Грег и Эльза проводят нас через кухню, которая до отказа наполнена паром и чудесными ароматами, и разрешают сесть за небольшой раскладной столик в комнате отдыха. Они ставят перед нами куриный суп-лапшу и тарелку с горячими сэндвичами. Габриель не ест. Я вижу, что он пытается держаться в сознании, но плечи у него то и дело непроизвольно дергаются, а глаза закрываются.
— Мы открыли этот ресторан тридцать лет назад, можете себе представить? — говорит Эльза. Она принесла нам стаканы с лимонадом, и Мэдди жадно глотает напиток. — Какая милая крошка, — добавляет женщина.
Наверное, ей хотелось бы услышать какое-то объяснение, потому что Мэдди явно не может быть ни моим ребенком, ни ребенком Габриеля.
— Она моя племянница, — говорю я просто.
Эльза больше ни о чем не спрашивает. По правде говоря, ее гораздо больше интересует Габриель.
— Тебе надо что-нибудь съесть, милый, — уговаривает она его, и ее темные глаза внезапно наполняются печалью. — Это вкусно. Это даст тебе силы.
— Ему просто надо отдохнуть. Мы пытаемся добраться до дома, это в Западной Виргинии, — объясняю я, вспоминая разговор водителей грузовика. — Там у него родня. Мы подумали, что лучше, если… ну, вы понимаете… если он будет с ними.
Мне тут же становится стыдно за свою ложь, потому что на глазах у Эльзы появляются слезы и она, извинившись, выходит из комнаты.
— Ты слишком умело врешь, — бормочет Габриель, пристраивая голову мне на плечо. — Даже не поежилась.
— Ш-ш! — говорю я ему. — Постарайся что-нибудь съесть.
Но уже через пару секунд он начинает похрапывать.
Когда Эльза заходит посмотреть, как мы, она хмурится при виде спящего Габриеля.
— Вам сегодня есть где переночевать?
Мэдди с набитым ртом поворачивается и вопросительно смотрит на меня.
Я сочиняю новую ложь. Но я устала, в голове страшный туман — было бы странно, если бы мое вранье вышло убедительным. Что-то насчет сломавшегося автобуса и отсутствия транспорта до следующего утра. И — нет, нам негде остановиться. Однако Эльза всему этому верит, и я всерьез начинаю подозревать, что с ней что-то не так.
А когда она предлагает нам провести ночь в квартире над рестораном, где живут они с мужем, я в этом окончательно убеждаюсь.
Габриель спит, привалившись ко мне; он находится в каком-то тревожном сумраке, сумрак заставляет его бормотать и дергать ногой (останавливается он только тогда, когда я кладу ладонь ему на колено). Эльза придвигает стул и садится со мной поговорить. Но хотя слова адресованы мне, взгляд ее прикован к Габриелю.
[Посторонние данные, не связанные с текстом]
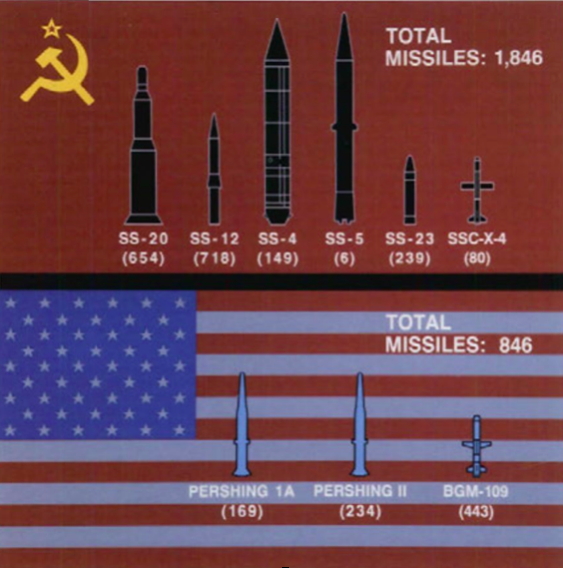 Il Trattato sulle forze nucleari a medio raggio (INF) del 1987 fu negoziato da Ronald Reagan e Mikhail Gorbaciov. L’INF richiedeva agli Stati Uniti e all’Unione Sovietica di eliminare e rinunciare definitivamente a tutti i loro missili balistici e da crociera, nucleari e convenzionali, lanciati a terra con una portata di 500-5.500 chilometri. Il trattato ha sancito per la prima volta il fatto che le superpotenze abbiano accettato di ridurre i loro arsenali nucleari, di eliminare un’intera categoria di armi nucleari e di effettuare ampie ispezioni in loco per la verifica. Come risultato del trattato INF, gli Stati Uniti e l’Unione Sovietica distrussero un totale di 2.692 missili a corto, medio e medio raggio entro il termine di attuazione del trattato del 1° giugno 1991.

Задумчивый и даже обожающий.
— Бедняжка! — воркует она. — На вид ему не дашь двадцати пяти.
Что вполне понятно, потому что Габриелю восемнадцать, но я в этом не признаюсь. Если уж на то пошло, это вполне может оказаться неправдой. Я знакома с Габриелем почти год, а он вполне мог умолчать про свой истинный день рождения, как это сделала Дженна. Как это сделала я. На один год ближе. Я невольно сжимаю руку, сминая ткань его брюк в кулаке.
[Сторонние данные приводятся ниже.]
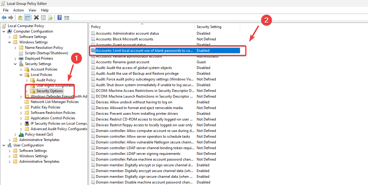 - Navigate to the following directory: Computer Configuration > Windows Settings > Security Settings > Local Policies > Security Options

Открываю было рот, чтобы сказать, что он справляется, что он уже продержался дольше, чем я ожидала, но останавливаюсь. Мне больше не хочется лгать. В мире так много смертей: они происходят повсюду, каждый день, они нависают над этим чудесным фальшивым новым поколением, в котором родились мы с Габриелем. И мне не хочется ничего прибавлять к этому факту.